She stood there silently waiting.
“Toys!” he exclaimed. “Toys have always been my besetting sin. Now I will make a grand collection, not for the Pope, as people pretend, but for our family. You will have two children to laugh at, Winnie. Your husband is one, you know.” He sprang up. “I’ll go into the Strand,” he said. “There’s a man near the Temple who has always got some delightful novelty displaying its paces on the pavement. What fun!”

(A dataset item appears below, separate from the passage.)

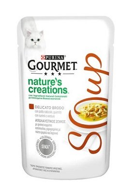GOURMET SOUP G40 POLLO, PESCE E VERDURE Alimento complementare per gatti adulti Esperienza sensoriale unica, grazie alla consistenza deliziosa Sfilaccetti al naturale Guarnito con verdure Senza coloranti, conservanti e aromi artificiali aggiunti. GOURMET Natures Creations Soup offre una gamma di gustose ricette per un’esperienza sensoriale unica che il tuo gatto adorerà. Riconoscerai a prima vista i raffinati ingredienti naturali, come pezzetti di pollo o pesce. GOURMET Natures Creations Soup con pollo, guarnito con pesce bianco e verdure è una deliziosa esperienza culinaria, il tuo gatto farà fusa di piacere. Le ricette sono senza coloranti, conservanti e aromi artificiali aggiunti. "Composizione: carni e derivati (pollo naturale 25%, preparazione a base di surimi (4,6%), ortaggi (0,50% da ortaggi disidratati), pesci e sottoprodotti dei pesci, sottoprodotti di origine vegetale. Componenti analitici: Umidità: 88.0% Proteina: 8.0% Oli e grassi grezzi: 0.10% Ceneri grezze: 1.5% Fibra grezza: 0.05%"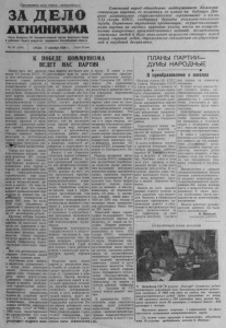 П р о л е т а р и и в с е х с т р а н , с о е д и н я й т е с ь ! ЗА Д Е Л О ЛЕНИНИЗМА Орган Севе рного Р К К о м м у н и с т и ч е с к о й парти и С о ве тско го Союза и районного С о в е т а д е п у т а т о в т р у д я щ и х с я Новосибирской о б л а с ти № 149 (2183) С о в е т с к и й н а р о д е д и н о д у ш н о п о д д е р ж и в а е т К о м м у н и с т и ч е с к у ю п а р т и ю , е е п о л и т и к у , е е п л а н ы н а б у д у щ е е . Ш и р о к о р а з в е р н у л о с ь с о ц и а л и с т и ч е с к о е с о р е в н о в а н и е в ч е с т ь X X I с ъ е з д а КПСС , с о з д а ю т с я б р и г а д ы к о м м у н и с т и ч е с к о г о т р у д а . П е р в и ч н ы е п а р т и й н ы е о р г а н и з а ц и и , о с у щ е с т в л я ю щ и е в о л ю п а р т и и н а м е с т а х , п р и з в а н ы у в л е ч ь м а с с ы н а о с у щ е с т в л е н и е к о н к р е т н ы х п р о и з в о д с т в е н н ы х з а д а н и й , в о с п и т ы в а т ь с о в е т с к и х л ю д е й в д у х е п о н и м а н и я в а ж н о с т и с т о я щ и х п е р е д н аш е й с т р а н о й з а д а ч , с т р о ж а й ш е г о с о б л ю д е н и я г о с у д а р с т в е н ной и т р у д о в о й д и с ц ип л ин ы . С Р Е Д А , 17 д е к а б р я 1958 г . (П е н а 15 коп. К ПОБЕДЕ КОММУНИЗМА В ЕД ЕТ НАС ПАРТИЯ М е н е е т р е х л е т п р о ш л о п о с л е XX с ъ е з д а К П С С . Н о з а э т о т н е б о л ь ш о й о т р е з о к в р е м е н и с т р а н а д о б и л а с ь з а м е ч а т е л ь н ы х у с п е х о в в х о з я й с т в е н н о м и к у л ь т у р н о м с т р о и т е л ь с т в е . П о д р у к о в о д с т в о м К о м м у н и с т и ч е с к о й п а р т и и о с у щ е с т в л е н а п е р е с т р о й к а у п р а в л е н и я п р о м ы ш л е н н о с т ь ю и с т р о и т е л ь с т в о м ; с о з д а н ы с о в е т ы н а р о д н о г о х о з я й с т в а в э к о н о м и ч е с к и х а д м и н и с т р а т и в н ы х р а й о н а х ; р а с ш и р е н ы п р а в а с о ю з н ы х р е с п у б л и к , м е с т н ы х о р г а н о в и п р е д п р и я т и й ; у к р е п л е н ы п л а н о в ы е о р г а н ы ; р е о р г а н и з о в а ны м а ш и н н о - т р а к т о р н ы е с т а н ц и и ; и з м е н е н п о р я д о к з а г о т о в о к и у с т а н о в л е н ы [ е д иные , ц е н ы на с е л ь с к о х о - | з я й г т в е н н ы е п р о д у к т ы ; р а с - | ш и Ц Р ы п р а в а п р о ф с о ю з о в , j Т е п е р ь в с е в и д я т , к а к о е , б л а г о т в о р н о е в л и я н и е о к а - ! з а л и р е ш е н и я XX с ъ е з д а К П С С на ж и з н ь с т р а н ы . Е щ е б о л ь ш е в о з р о с л а р у к о в о д я щ а я р о л ь п а р т и и в | б о р ь б е з а в ы п о л н е н и е п л а - 1 н о в к о м м у н и с т и ч е с к о г о с т р о и т е л ь с т в а , е щ е ш и р е р а с к р ы л а с ь е е о р г а н и з а т о р с к а я и в о с п и т а т е л ь н а я р а б о т а в м а с с а х . О б э т о м г о в о р и т т о т ф а к т , ч т о т о л ь к о п р и р о с т п р о м ы ш л е н н о й п р о д у к ц и и з а п е р в ы й г о д д е я т е л ь н о с т и с о в н а р х о з о в ( с и ю л я 1957 г о д а п о и ю н ь 1 9 5 8 г о д а ) у в е л и ч и л с я в с р а в н е н и и с п р и р о с т о м п р о д у к ц и и з а п р е д ы д у щ и й г о д н а 17 м и л л и а р д о в р у б л е й . К р у п н ы е п о б е д ы о д е р ж а л и т р у ж е н и к и с е л ь с к о г о х о з я й с т в а . З а п о с л е д н е е п я т и л е т и е п о с р а в н е н и ю с п р е д ы д у щ и м п я т и л е т и е м с р е д н е г о д о в ы е р а з м е р ы п р о и з в о д с т в а т о л ь к о з е р н о в ы х к у л ь т у р в ы р о с л и на 3 8 п р о ц е н т о в . П о в ы с и л о с ь б л а г о с о с т о я н и е с о в е т с к о г о н а р о д а . В с е э т и д о с т и ж е н и я в д о х н о в л я ю т с о в е т с к и х л ю д е й н а н о в ы е с л а в н ы е д е л а . Н е у т о м и м о и д т и в п е р е д , к в е р ш и н а м к о м м у н и з м а , — к э т о м у з о в е т с о в е т с к и х л ю д е й К о м м у н и с ! и ч е с к а я р а р т и я . р н а о т к р ы в а е т н а р о д у н о в ы е п е р с п е к т и в ы . С р в е т с

And off he went, leaving Winifred alone with the mystery of her woman’s world, the mystic mystery of birth that may dawn out of hate as out of love, out of drunken dissipation as out of purity’s sweet climax.
Next day a paragraph in the papers told how Mr. Eustace Lane had bought up all the penny toys of the Strand. Mention was again made of his supposed mission to the Vatican, and a picture drawn of the bewilderment of the Holy Father, roused from contemplation of the eternal to contemplation of jumping pasteboard, and the frigid gestures of people from the world of papier-mache.
Eustace showed the paragraph to Winifred.
“Why will they chronicle all I do?” he said, with a sigh.
“Would you rather they did not?”
“Oh, if it amuses them,” he answered. “To amuse the world is to be its benefactor.”
“No, to comfort the world,” was Winifred’s silent thought. .
To her the world often seemed a weary invalid, playing cards on the coverlet of the bed from which it longed in vain to move, peeping with heavy eyes at the shrouded windows of its chamber, and listening for faint sounds from without—soft songs, soft murmurings, the breath of winds, the sigh of showers; then turning with a smothered groan to its cards again, its lengthy game of “Patience.” Clubs, spades, hearts, diamonds—there they all lay on the coverlet ready to the hands of the invalid. But she wanted to take them away, and give to the sufferer a prayer and a hope.